I can just imagine trying to explain to someone who's not computer literate how fsb, L2 cache, processor frequency, prefetch, sse and everything else that differentiates Athlon's with PR ratings. It's much easier to just give them a performance number.

There are some cpu speeds which have more then one model of cpu that was available. For example the xp2800+ was available as both a thoroughbred-b and then a barton. Here's a chart:

http://www.tomshardware.com/cpu/20030210/barton-09.html

----------

## greg32

Yes, I know this.  There are many things that would be hard to explain, over and above the features you mentioned.  But, although this is the case, most still know what megahertz are, and they purchase a 2800+ as the equal equivalent of a 2.8p4.  And all over the place, there are thousands of people disheartened when they discover the lover clock ratings of the AMD chips.  I have even come accross people who simply can't grasp the idea, and when I try to explain it to them, they get pissed off.

----------

## CheshireCat

 *greg32 wrote:*   

> And all over the place, there are thousands of people disheartened when they discover the lover clock ratings of the AMD chips.  I have even come accross people who simply can't grasp the idea, and when I try to explain it to them, they get pissed off.

 

These tend to be the same people who really think that MHz == performance, so without this labelling, they would never have even considered AMD to begin with.  The only reasonable alternative would be to label it something like "Athlon XP 1.8GHz (performs same as P4 2.5GHz)".  I don't think this would be effective, people who "know" that clock speed == performance won't read past the 1.8GHz.  It could also turn into a legal and PR nightmare for AMD.Last edited by CheshireCat on Sun Jan 25, 2004 7:16 pm; edited 1 time in total

----------

## mukwuknuk

I hope this is still on-topic: where does one get Gentoo live-CDs and stages for AMD architecture?  I'm looking at all the download sites and all I see is AMD64 which I, like the originator of this thread, have not gone to yet.  Why does AMD32 seem to be lacking?  Are we supposed to use x86 images and stages, figuring AMD matches Intel fairly closely?  I don't think that will work, since I tried booting my AMD box off an i86 Gentoo CD but it refused to boot.  Should I start a new thread about this, or can someone give a few quick pointers?

----------

## SoulSe

 *mukwuknuk wrote:*   

> I hope this is still on-topic: where does one get Gentoo live-CDs and stages for AMD architecture?  I'm looking at all the download sites and all I see is AMD64 which I, like the originator of this thread, have not gone to yet.  Why does AMD32 seem to be lacking?  Are we supposed to use x86 images and stages, figuring AMD matches Intel fairly closely?  I don't think that will work, since I tried booting my AMD box off an i86 Gentoo CD but it refused to boot.  Should I start a new thread about this, or can someone give a few quick pointers?

 

I bought my Live CD set for Athlon XP from the store on this website. They are available for download as well, definately...

----------

## mukwuknuk

Oh I see it.... the AMD stuff is stored under x86.  My bad; I didn't expect it to be there.  Thanks.

----------

## richba5tard

Just to clear things up: AMD *never* claimed the XP rating system was supposed to compare it to the P4 equivalent, but to the older Athlon ThunderBird series.

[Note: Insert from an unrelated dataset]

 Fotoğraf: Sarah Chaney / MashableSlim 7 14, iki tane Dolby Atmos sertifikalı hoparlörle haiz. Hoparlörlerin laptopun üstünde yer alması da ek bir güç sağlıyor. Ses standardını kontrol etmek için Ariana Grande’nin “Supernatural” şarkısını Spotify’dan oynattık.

For those who feel cheated, don't be. The PC enthousiasts aren't cheated because they know Mhz is just one of the many factors determening the overall speed of a processor, and Jhon Doe doesn't get cheated either, because the average AMD processor is cheaper than the equivalent P4 processor.

----------

## Malakin

 *Quote:*   

> Just to clear things up: AMD *never* claimed the XP rating system was supposed to compare it to the P4 equivalent, but to the older Athlon ThunderBird series.

 Almost everyone either thinks the performance ratings are based on the P4 or thinks they should be so they automatically start using it that way. Reading just about any review on new AMD processors a major point is always whether or not the AMD CPU lives up to it's performance rating compared to a P4 so like it or not AMD has to do so or it gets bad reviews.

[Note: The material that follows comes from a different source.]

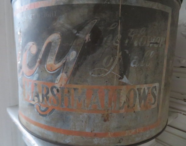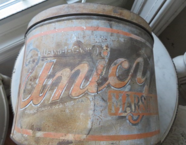 THIS IS AN OLDER EMPTY ADVERTISING MARSHMALLOWS TIN FOR UNICY MARSHMALLOWS, A BRAND BY BRANDLE & CO, OF PHILADELPHIA, PENNSYLVANIA THAT IS FADED AND WELL WORN WITH SUCH A GREAT LOOK.

Personally I think for the sake of the consumer it should be compared to "the competition" which in the case of an Athlon XP is the P4.

Going back and looking at some of the first Athlon XP articles they seem to think the Athlon XP's were rated against the P4 and some even make it sound like AMD had said it was this way. My guess is AMD's PR guys said it was rated against the thunderbird but inside they were really trying to rate it against the P4 and didn't want to publically say this for whatever reason. The Athlon XP's performance increased more steeply when the P4's introduced faster fsb's and faster chipsets, this would only make sense if they really were trying to match the P4.

http://www6.tomshardware.com/cpu/20010829/news-02.html

http://www.anandtech.com/cpu/showdoc.html?i=1543

----------

## bennerstul

The big difference with the 2500 is that it is the 'slowest' AMD processor with the 512 cache, even the 2700 still has 256 but higher clock speed.

----------

## Malakin

 *bennerstul wrote:*   

> The big difference with the 2500 is that it is the 'slowest' AMD processor with the 512 cache, even the 2700 still has 256 but higher clock speed.

 The early 2800+'s were still thoroughbreds with a 256K cache.

The Athlon XP 2500+ runs at a freqency of 1.83Ghz although there are mobile Athlons with 512K cache that run at 1.6Ghz.

The low frequency of the 2500+ has several advantages, one that it can overclock quite a bit and secondly if you leave it at the default speed it only uses 53.7 watts which is fairly low and easy to keep cool especialy with the larger die from the bigger L2 cache (P4 2.4C is 66 watts).

----------